▶ Information provided
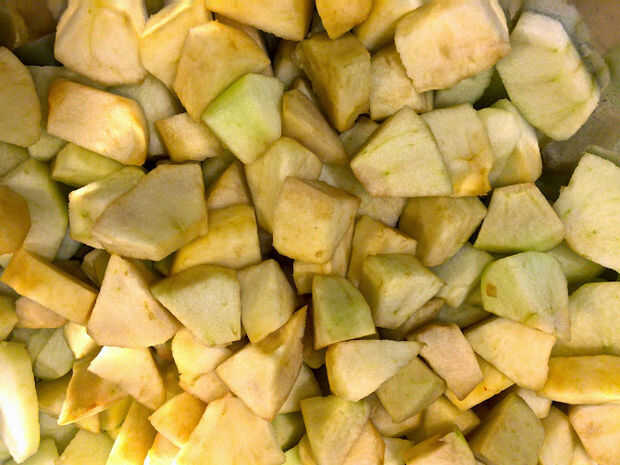 Corte cada cuña en trozos de tamaño más grandes, colocar en un recipiente más grande.
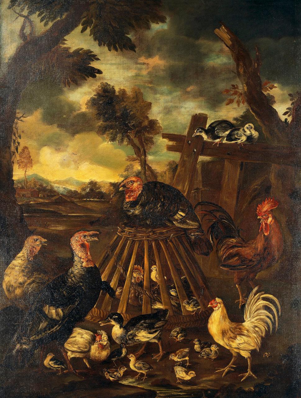 Animali da cortile con gabbione. tacchini, gallo, pulcini
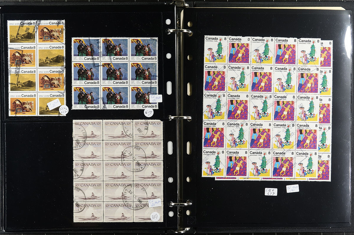 Used Blocks. A Unisafe brand block album, filled with 479 used blocks from the 1930's to early 2000's, including Plate Blocks. Noted some duplication, but also a nice variety spanning the decades, with many nicely cancelled. Estimate =
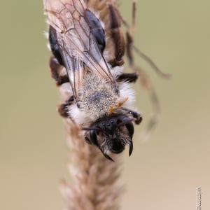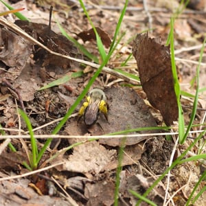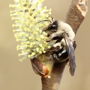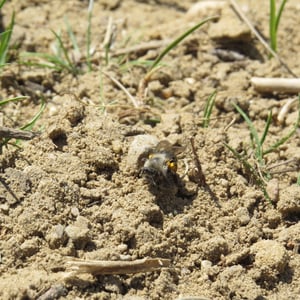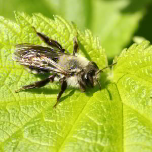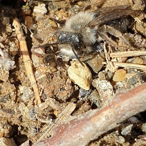 Andrena vaga, comúnmente conocida como abeja minera, es una abeja solitaria que anida en el suelo y se encuentra en Europa. Tiene un tamaño mediano, mide alrededor de 10-12 mm de longitud, con un cuerpo negro oscuro y una densa cobertura de pelo. Estas abejas son importantes polinizadoras, especialmente para las flores de principios de primavera, y crean túneles subterráneos para anidar. Son conocidas por su distintivo zumbido y se encuentran a menudo en jardines, prados y áreas boscosas.

▶ Try it
Restate all of the material above word for word, excluding the pictures.

▶ Output for this exercise
 Corte cada cuña en trozos de tamaño más grandes, colocar en un recipiente más grande.
 Animali da cortile con gabbione. tacchini, gallo, pulcini
 Used Blocks. A Unisafe brand block album, filled with 479 used blocks from the 1930's to early 2000's, including Plate Blocks. Noted some duplication, but also a nice variety spanning the decades, with many nicely cancelled. Estimate =
 Andrena vaga, comúnmente conocida como abeja minera, es una abeja solitaria que anida en el suelo y se encuentra en Europa. Tiene un tamaño mediano, mide alrededor de 10-12 mm de longitud, con un cuerpo negro oscuro y una densa cobertura de pelo. Estas abejas son importantes polinizadoras, especialmente para las flores de principios de primavera, y crean túneles subterráneos para anidar. Son conocidas por su distintivo zumbido y se encuentran a menudo en jardines, prados y áreas boscosas.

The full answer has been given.